TASK TO CARRY OUT: Write the records out exactly as shown. No pictures.

EXTRACTED INFORMATION:

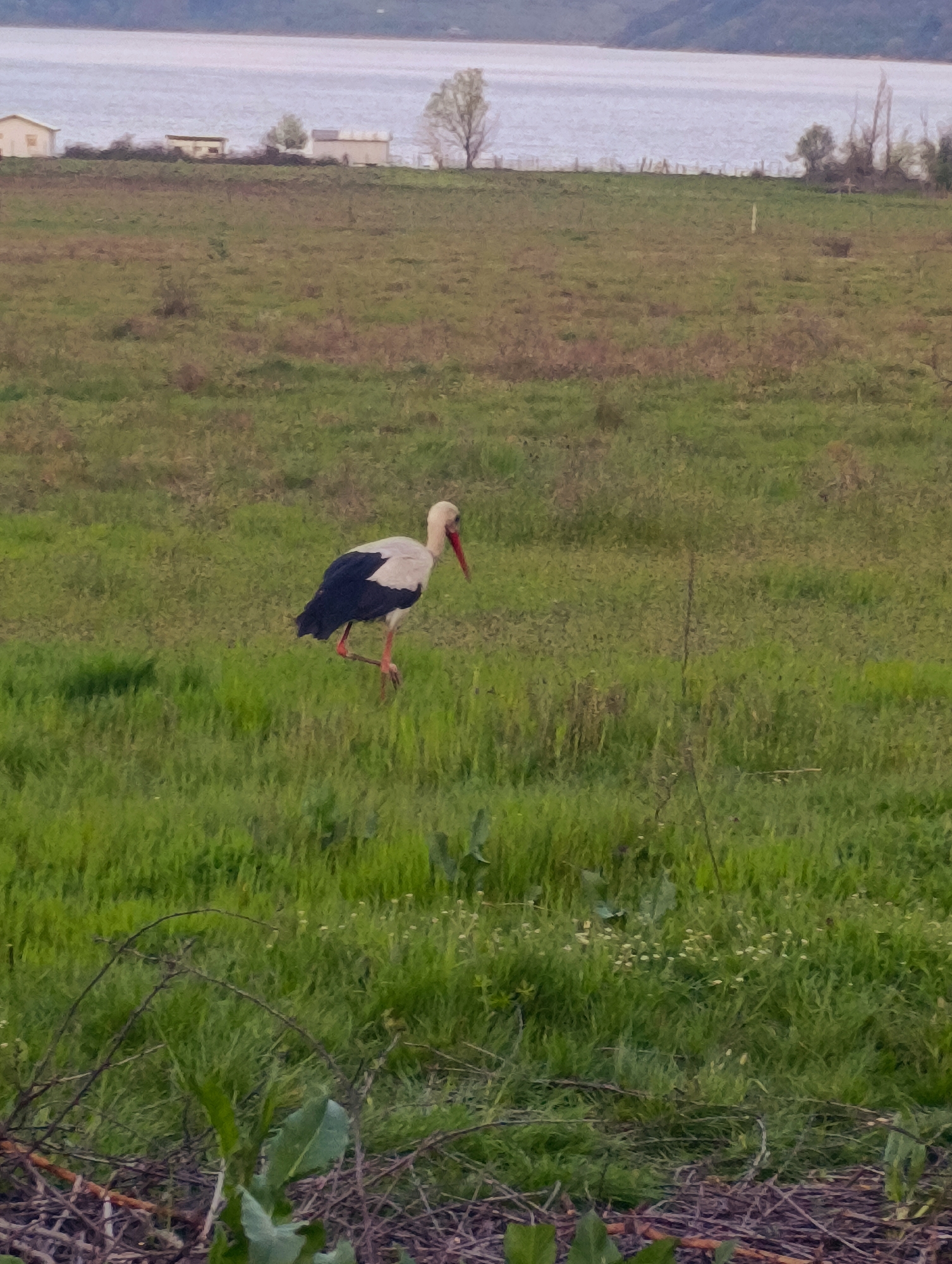 stork in a grassy field. In the background, there is a body of water, possibly a lake or river, with some buildings visible on the far shore. The buildings are small and simple in design. The scene is likely located in Shiroko pole, Bulgaria, as specified. The stork is the primary subject, standing in the green grass. It is mostly white, with some black feathers on its wings and a red beak. The environment is a rural landscape with a body of water in the background.
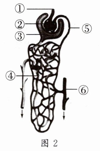 (2) 若尿检后发现尿液中出现血细胞,最可能是因为图 2 中的[
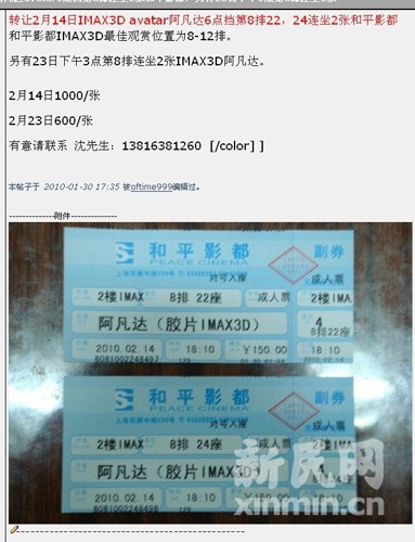 2月14日阿凡達(dá)IMAX票已炒至1000元!和平影都2月影票自1月29日開售起,便掀起新一輪購票狂潮。新民網(wǎng)記者近日在各大論壇及購物網(wǎng)站上看到,2月份影票大多已飆至500元,2月14日晚6點(diǎn)場次已炒至1000元。對此,和平影都總經(jīng)理王伯政表示:“‘黃!坏昧耍@也不是我能管的!
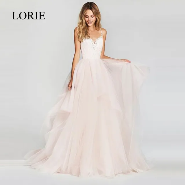 LORIE A Line Wedding Dress 2018 New Arrival Vestido De Noiva Simple Bridal Dress Puffy Tulle Beach Wedding Dresses Lace Top
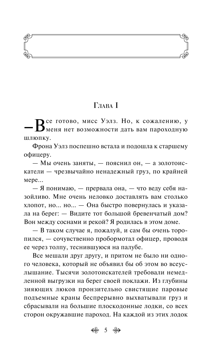 Фрона Уэлз, главная героиня романа, натура сильная, умная, отважная, независимая и свободная от светских условностей и в то же время необыкновенно обаятельная — словом, женщина, способная думать, любить, бороться и делить испытания наравне с лучшими из мужчин. Любовный треугольник на фоне безумной «золотой лихорадки» Клондайка, приключений золотоискателей и трагической судьбы индейцев — захватывающее смешение жанров.
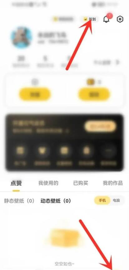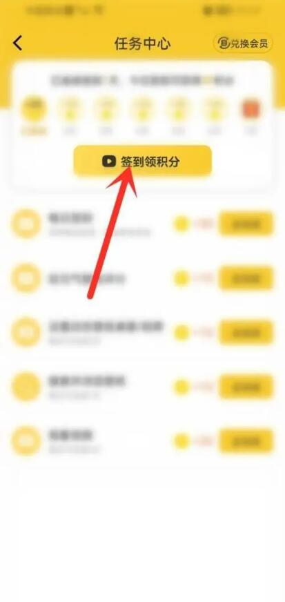2、进入到任务中心,点击上方“签到领积分”图标。
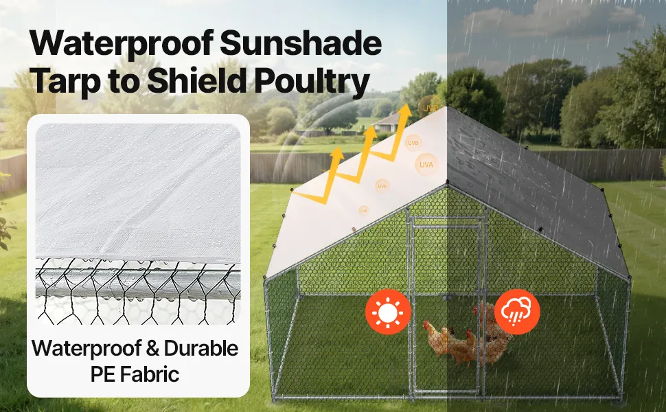 Wenn Sie Hühner im Garten halten, ist ein stabiler Hühnerstall unerlässlich, damit Ihre gefiederten Freunde glücklich, gesund und sicher leben. Wer Hühner im Garten hält, sollte unbedingt den Platzbedarf berücksichtigen. Ein sicherer Stall mit stabilem Dach bietet genau das. Der VEVOR Hühnerstall aus Metall ist eine High-End-Version, die Sicherheit, Platz und Komfort für moderne Hühnerhalter bietet. Mit einem großen Auslauf bietet der VEVOR Hühnerstall Ihrer Herde viel Platz zum Austoben, Eierlegen und Ausruhen.
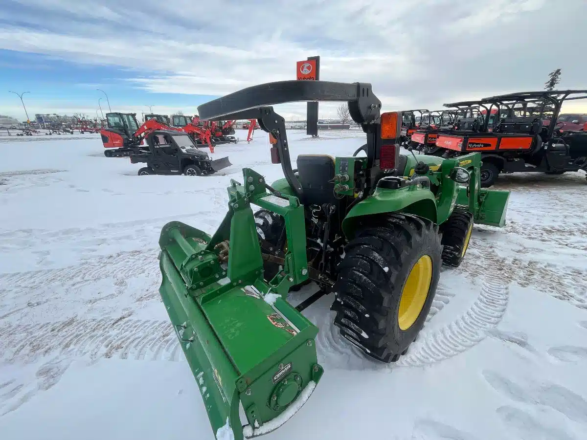 - 2015 Used John Deere 3038E Compact Tractor — 36.7 HP with 303 Hours. Reliable, work-ready performance for Alberta conditions.
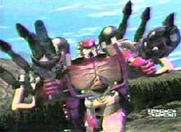 Depthcharge (Profundeza), inconformado com a decisão do Conselho, havia passado a monitorar a Protoforma X, na esperança de encontrá-la novamente e destruí-la. Com isso, ele acabou atravessando a passagem transwarp e caindo na Terra primitiva também. Mais tarde, para desgosto de Rampage, Megatron usa o pedaço da spark deste para dar vida a um clone transmetal 2 do Dinobot. Rampage foi finalmente destruído por DepthCharge (Profundeza) que, aproveitando-se de um "ferimento" aberto no peito dele, atinge sua spark com um cristal de energon. A explosão resultante acaba por destruir DephCharge também. |
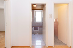 Das Badezimmer ist mit Wanne, Bidet, Waschbecken und einem Fenster ausgestattet, das WC ist separat begehbar. Ein geräumiger Vorraum sorgt für zusätzlichen Stauraum und schafft eine angenehme Wohnstruktur.
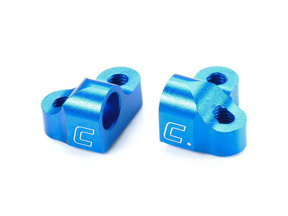 2本のビスと1箇所のボスによる3点留めとしたL型形状のアルミセパレートサスマウント。取り付け時のズレを軽減し、高強度も実現しました。主にフロントの後ろ側に使用します。
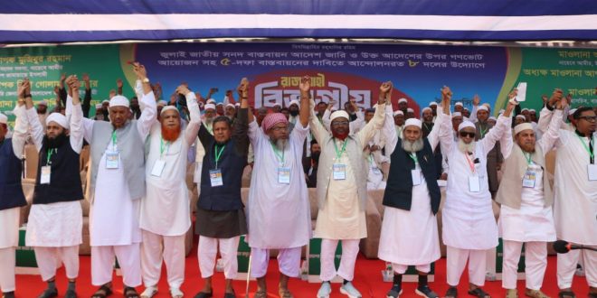 জুলাই জাতীয় সনদ বাস্তবায়ন আদেশ জারি ও আদেশের ওপর গণভোট আয়োজনসহ পাঁচ দফা দাবিতে রোববার (৩০ নভেম্বর) বিকেলে আট দলীয় জোটের উদ্যোগে রাজশাহীর ঐতিহাসিক মাদরাসা মাঠে আয়োজিত বিশাল বিভাগীয় সমাবেশে তারা এসব কথা বলেন।
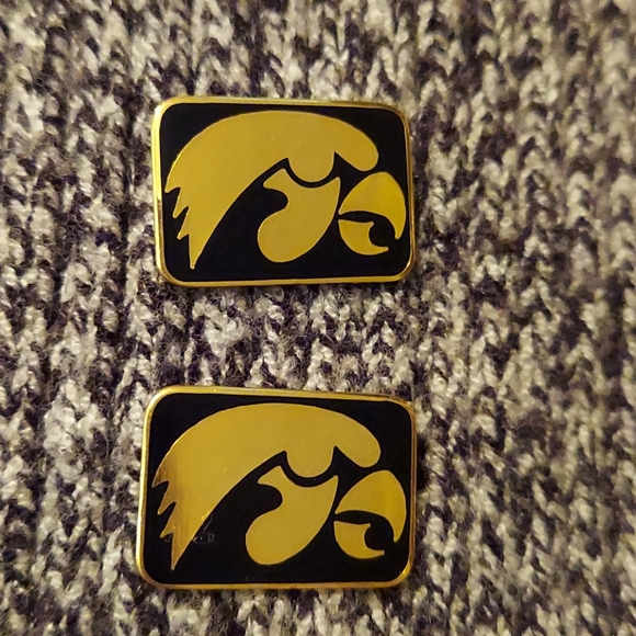 University of Iowa Hawkeye mascot tac pin bundle. Ties, jean jackets, collectors.
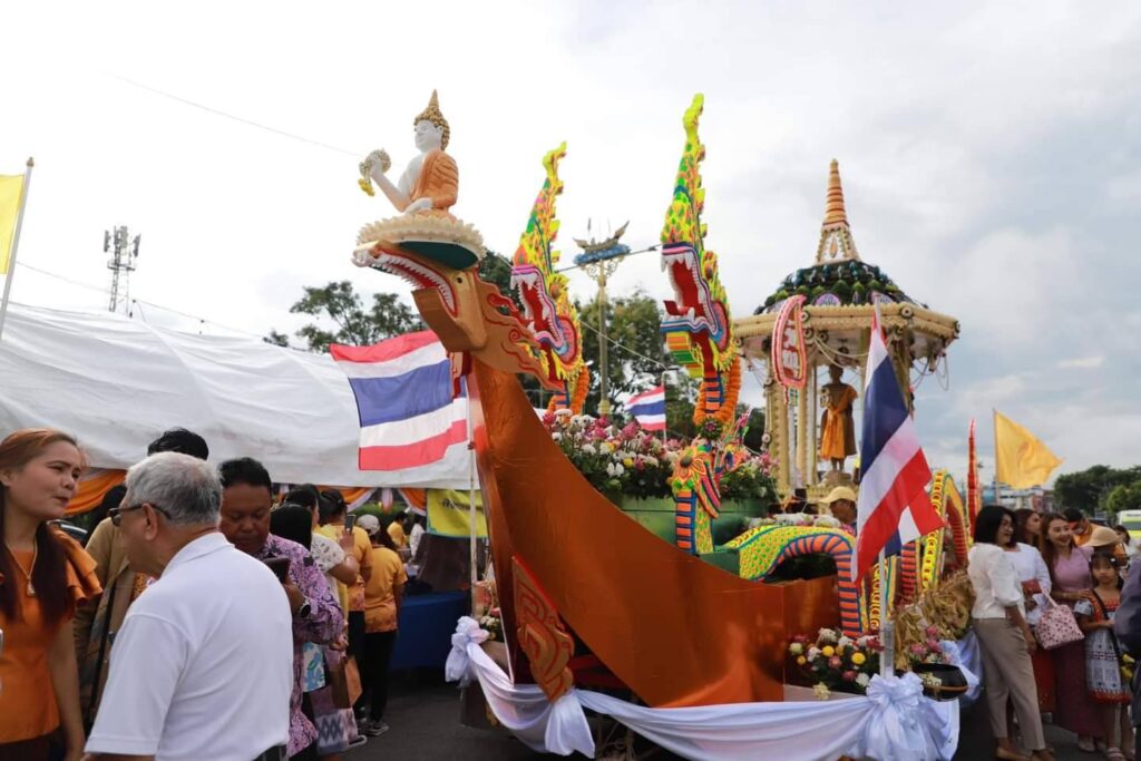 ซึ่งเป็นประเพณีที่ปฏิบัติสืบทอดกันมาตั้งแต่อดีตกาล โดยปีนี้มีขบวนเรือพระ จำนวน 10 ลำ จากวัดต่างๆ ในพื้นที่เข้าร่วมประชันตวามสวยงาม ประกอบด้วย วัดบางนรา, วัดประชาภิรมย์, วัดพรหมนิวาส, วัดกำแพง, วัดลำภู, วัดโคกโก, วัดโคกเคียน, วัดพนาสนฑ์, วัดบ้านทุ่งกง และสำนักสงฆ์นิคมเขมาราม เคลื่อนไปตามถนนสายหลักในเขตเทศบาลเมืองนราธิวาส เริ่มจากถนนภูผาภักดี เลี้ยวซ้ายตรงแยกเสด็จ ไปตามถนนจำรูญนรา เลี้ยวซ้ายเข้าถนนพิชิตบำรุง และสิ้นสุดที่สวนกรมหลวงนราธิวาสราชนครินทร์
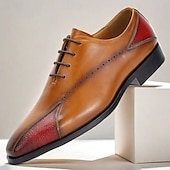 More information about Men's Two-Tone Brown and Red Leather Oxford Shoes – Luxury Prom and Gala Lace-Up Shoes for Formal Occasions

ANSWER BELOW:
 stork in a grassy field. In the background, there is a body of water, possibly a lake or river, with some buildings visible on the far shore. The buildings are small and simple in design. The scene is likely located in Shiroko pole, Bulgaria, as specified. The stork is the primary subject, standing in the green grass. It is mostly white, with some black feathers on its wings and a red beak. The environment is a rural landscape with a body of water in the background.
 (2) 若尿检后发现尿液中出现血细胞,最可能是因为图 2 中的[
 2月14日阿凡達(dá)IMAX票已炒至1000元!和平影都2月影票自1月29日開售起,便掀起新一輪購票狂潮。新民網(wǎng)記者近日在各大論壇及購物網(wǎng)站上看到,2月份影票大多已飆至500元,2月14日晚6點(diǎn)場次已炒至1000元。對此,和平影都總經(jīng)理王伯政表示:“‘黃!坏昧耍@也不是我能管的!
 LORIE A Line Wedding Dress 2018 New Arrival Vestido De Noiva Simple Bridal Dress Puffy Tulle Beach Wedding Dresses Lace Top
 Фрона Уэлз, главная героиня романа, натура сильная, умная, отважная, независимая и свободная от светских условностей и в то же время необыкновенно обаятельная — словом, женщина, способная думать, любить, бороться и делить испытания наравне с лучшими из мужчин. Любовный треугольник на фоне безумной «золотой лихорадки» Клондайка, приключений золотоискателей и трагической судьбы индейцев — захватывающее смешение жанров.
2、进入到任务中心,点击上方“签到领积分”图标。
 Wenn Sie Hühner im Garten halten, ist ein stabiler Hühnerstall unerlässlich, damit Ihre gefiederten Freunde glücklich, gesund und sicher leben. Wer Hühner im Garten hält, sollte unbedingt den Platzbedarf berücksichtigen. Ein sicherer Stall mit stabilem Dach bietet genau das. Der VEVOR Hühnerstall aus Metall ist eine High-End-Version, die Sicherheit, Platz und Komfort für moderne Hühnerhalter bietet. Mit einem großen Auslauf bietet der VEVOR Hühnerstall Ihrer Herde viel Platz zum Austoben, Eierlegen und Ausruhen.
 - 2015 Used John Deere 3038E Compact Tractor — 36.7 HP with 303 Hours. Reliable, work-ready performance for Alberta conditions.
 Depthcharge (Profundeza), inconformado com a decisão do Conselho, havia passado a monitorar a Protoforma X, na esperança de encontrá-la novamente e destruí-la. Com isso, ele acabou atravessando a passagem transwarp e caindo na Terra primitiva também. Mais tarde, para desgosto de Rampage, Megatron usa o pedaço da spark deste para dar vida a um clone transmetal 2 do Dinobot. Rampage foi finalmente destruído por DepthCharge (Profundeza) que, aproveitando-se de um "ferimento" aberto no peito dele, atinge sua spark com um cristal de energon. A explosão resultante acaba por destruir DephCharge também. |
 Das Badezimmer ist mit Wanne, Bidet, Waschbecken und einem Fenster ausgestattet, das WC ist separat begehbar. Ein geräumiger Vorraum sorgt für zusätzlichen Stauraum und schafft eine angenehme Wohnstruktur.
 2本のビスと1箇所のボスによる3点留めとしたL型形状のアルミセパレートサスマウント。取り付け時のズレを軽減し、高強度も実現しました。主にフロントの後ろ側に使用します。
 জুলাই জাতীয় সনদ বাস্তবায়ন আদেশ জারি ও আদেশের ওপর গণভোট আয়োজনসহ পাঁচ দফা দাবিতে রোববার (৩০ নভেম্বর) বিকেলে আট দলীয় জোটের উদ্যোগে রাজশাহীর ঐতিহাসিক মাদরাসা মাঠে আয়োজিত বিশাল বিভাগীয় সমাবেশে তারা এসব কথা বলেন।
 University of Iowa Hawkeye mascot tac pin bundle. Ties, jean jackets, collectors.
 ซึ่งเป็นประเพณีที่ปฏิบัติสืบทอดกันมาตั้งแต่อดีตกาล โดยปีนี้มีขบวนเรือพระ จำนวน 10 ลำ จากวัดต่างๆ ในพื้นที่เข้าร่วมประชันตวามสวยงาม ประกอบด้วย วัดบางนรา, วัดประชาภิรมย์, วัดพรหมนิวาส, วัดกำแพง, วัดลำภู, วัดโคกโก, วัดโคกเคียน, วัดพนาสนฑ์, วัดบ้านทุ่งกง และสำนักสงฆ์นิคมเขมาราม เคลื่อนไปตามถนนสายหลักในเขตเทศบาลเมืองนราธิวาส เริ่มจากถนนภูผาภักดี เลี้ยวซ้ายตรงแยกเสด็จ ไปตามถนนจำรูญนรา เลี้ยวซ้ายเข้าถนนพิชิตบำรุง และสิ้นสุดที่สวนกรมหลวงนราธิวาสราชนครินทร์
 More information about Men's Two-Tone Brown and Red Leather Oxford Shoes – Luxury Prom and Gala Lace-Up Shoes for Formal Occasions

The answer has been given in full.